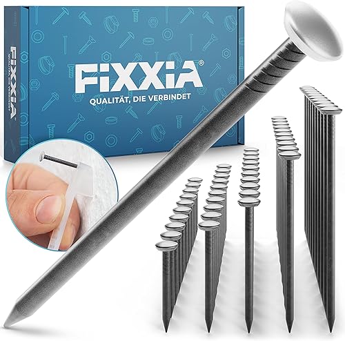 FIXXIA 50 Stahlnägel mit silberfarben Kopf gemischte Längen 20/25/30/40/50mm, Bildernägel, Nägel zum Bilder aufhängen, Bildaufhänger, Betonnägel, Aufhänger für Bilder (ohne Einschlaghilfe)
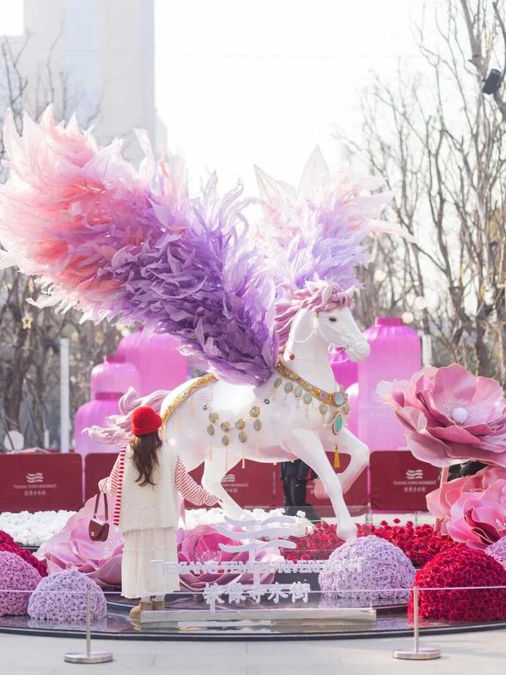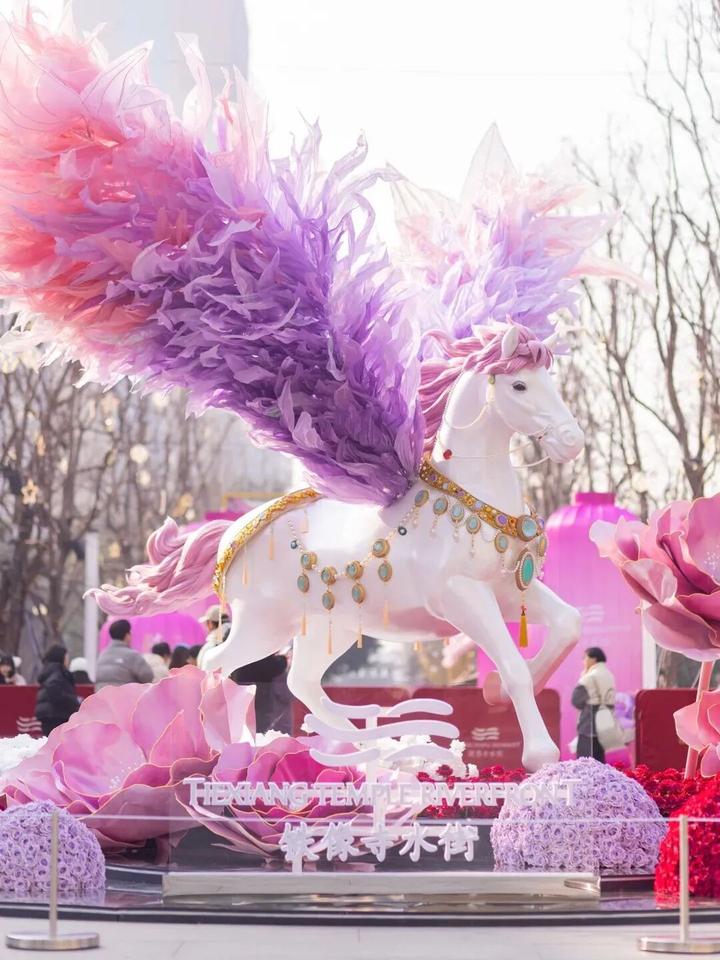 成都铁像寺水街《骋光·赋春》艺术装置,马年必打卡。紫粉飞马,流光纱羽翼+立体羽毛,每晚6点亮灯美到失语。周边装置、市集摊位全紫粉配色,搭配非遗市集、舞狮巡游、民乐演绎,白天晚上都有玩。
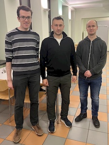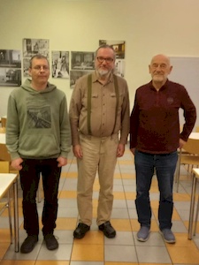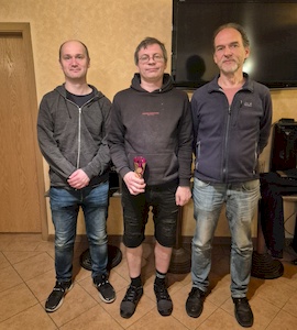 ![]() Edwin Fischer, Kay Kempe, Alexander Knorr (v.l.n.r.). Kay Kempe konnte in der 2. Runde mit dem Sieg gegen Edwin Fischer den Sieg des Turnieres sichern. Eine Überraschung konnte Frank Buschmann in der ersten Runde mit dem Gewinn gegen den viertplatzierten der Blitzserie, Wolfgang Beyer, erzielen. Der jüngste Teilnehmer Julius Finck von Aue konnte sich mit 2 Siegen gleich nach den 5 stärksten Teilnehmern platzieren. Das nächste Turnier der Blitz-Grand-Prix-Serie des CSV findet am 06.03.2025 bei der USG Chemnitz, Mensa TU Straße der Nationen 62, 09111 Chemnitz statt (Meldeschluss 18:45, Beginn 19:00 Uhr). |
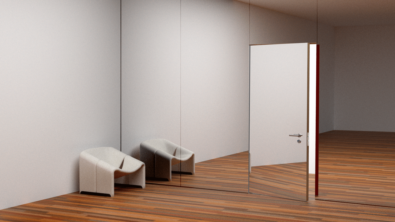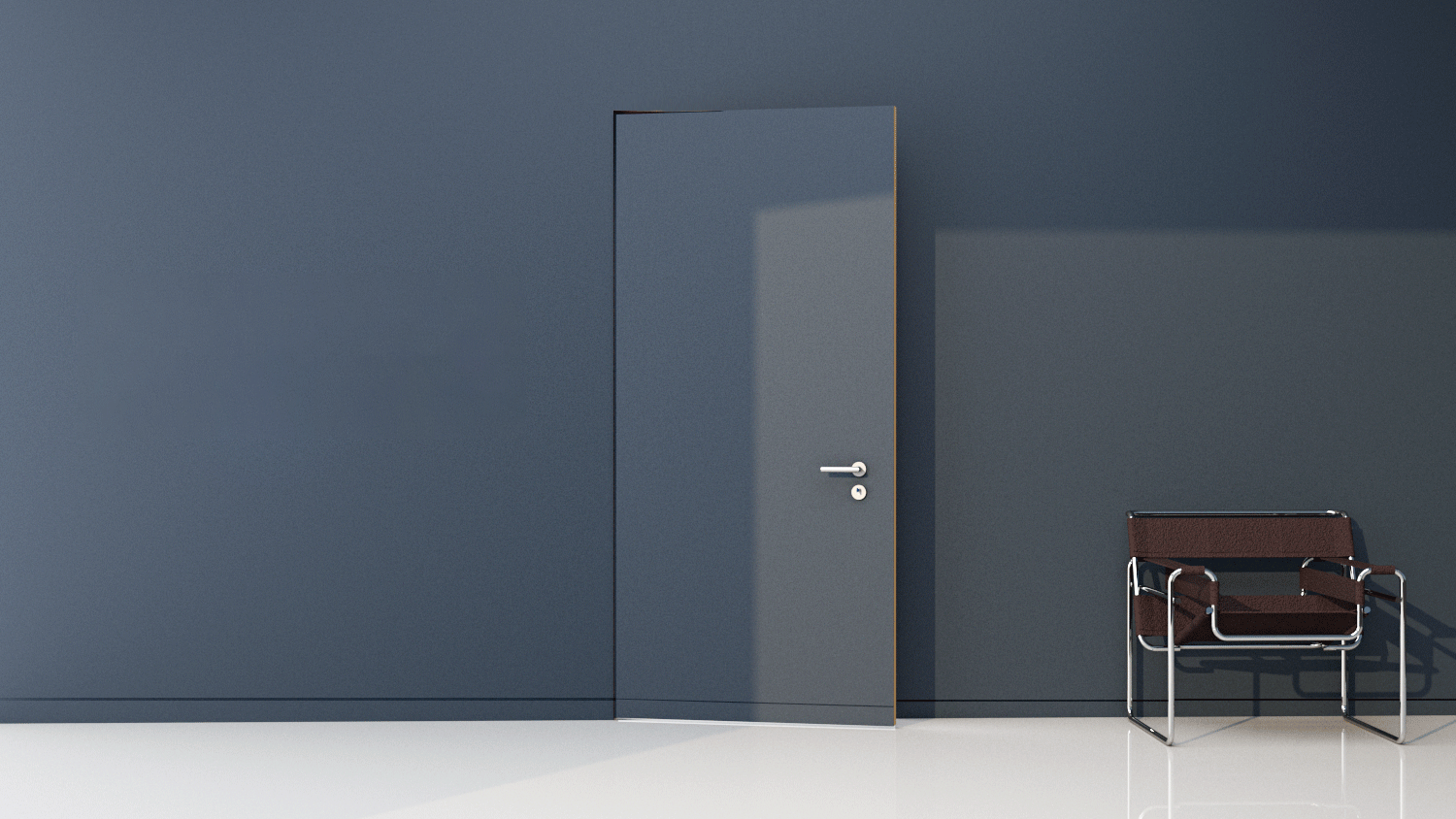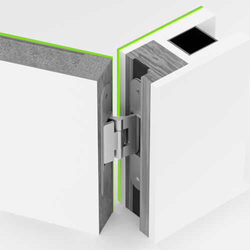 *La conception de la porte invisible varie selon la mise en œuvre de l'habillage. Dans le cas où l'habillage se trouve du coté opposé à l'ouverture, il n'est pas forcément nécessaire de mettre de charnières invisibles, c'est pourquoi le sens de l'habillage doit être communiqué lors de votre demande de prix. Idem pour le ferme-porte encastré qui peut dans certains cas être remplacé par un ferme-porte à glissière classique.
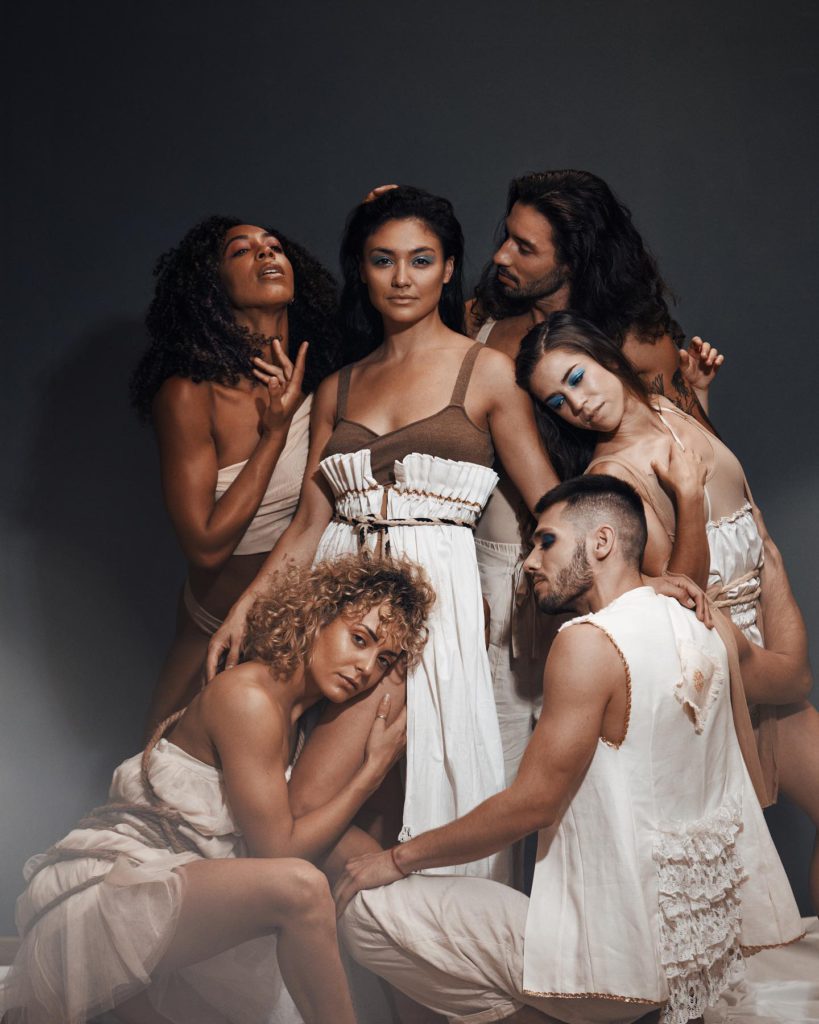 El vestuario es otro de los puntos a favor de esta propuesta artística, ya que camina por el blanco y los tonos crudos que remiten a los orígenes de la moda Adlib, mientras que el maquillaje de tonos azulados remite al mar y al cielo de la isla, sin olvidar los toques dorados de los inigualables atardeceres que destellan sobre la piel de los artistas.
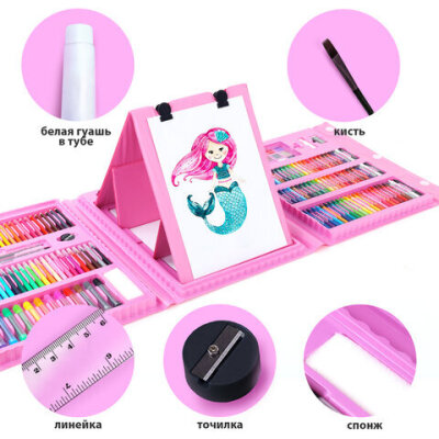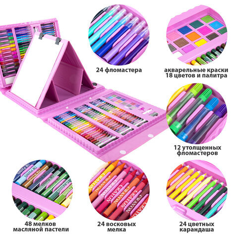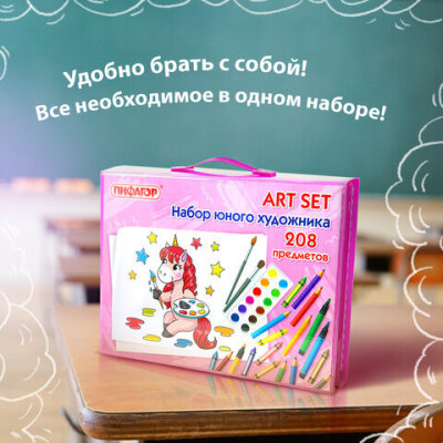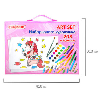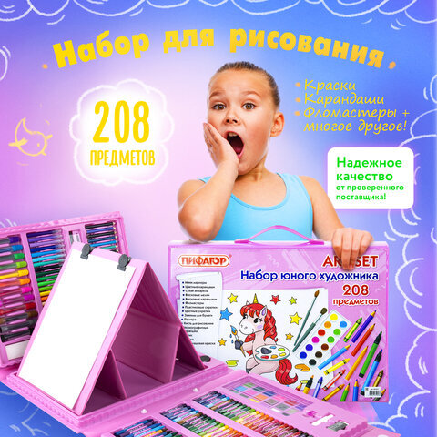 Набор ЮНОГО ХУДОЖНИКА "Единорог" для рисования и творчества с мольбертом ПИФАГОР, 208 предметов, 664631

*Assignment:* Every line from the one with "19:00 Uhr). |" through the end of the records is to be reproduced exactly, and the pictures are to be left out.

*Solution to the problem:*
 ![]() Edwin Fischer, Kay Kempe, Alexander Knorr (v.l.n.r.). Kay Kempe konnte in der 2. Runde mit dem Sieg gegen Edwin Fischer den Sieg des Turnieres sichern. Eine Überraschung konnte Frank Buschmann in der ersten Runde mit dem Gewinn gegen den viertplatzierten der Blitzserie, Wolfgang Beyer, erzielen. Der jüngste Teilnehmer Julius Finck von Aue konnte sich mit 2 Siegen gleich nach den 5 stärksten Teilnehmern platzieren. Das nächste Turnier der Blitz-Grand-Prix-Serie des CSV findet am 06.03.2025 bei der USG Chemnitz, Mensa TU Straße der Nationen 62, 09111 Chemnitz statt (Meldeschluss 18:45, Beginn 19:00 Uhr). |
 *La conception de la porte invisible varie selon la mise en œuvre de l'habillage. Dans le cas où l'habillage se trouve du coté opposé à l'ouverture, il n'est pas forcément nécessaire de mettre de charnières invisibles, c'est pourquoi le sens de l'habillage doit être communiqué lors de votre demande de prix. Idem pour le ferme-porte encastré qui peut dans certains cas être remplacé par un ferme-porte à glissière classique.
 El vestuario es otro de los puntos a favor de esta propuesta artística, ya que camina por el blanco y los tonos crudos que remiten a los orígenes de la moda Adlib, mientras que el maquillaje de tonos azulados remite al mar y al cielo de la isla, sin olvidar los toques dorados de los inigualables atardeceres que destellan sobre la piel de los artistas.
 Набор ЮНОГО ХУДОЖНИКА "Единорог" для рисования и творчества с мольбертом ПИФАГОР, 208 предметов, 664631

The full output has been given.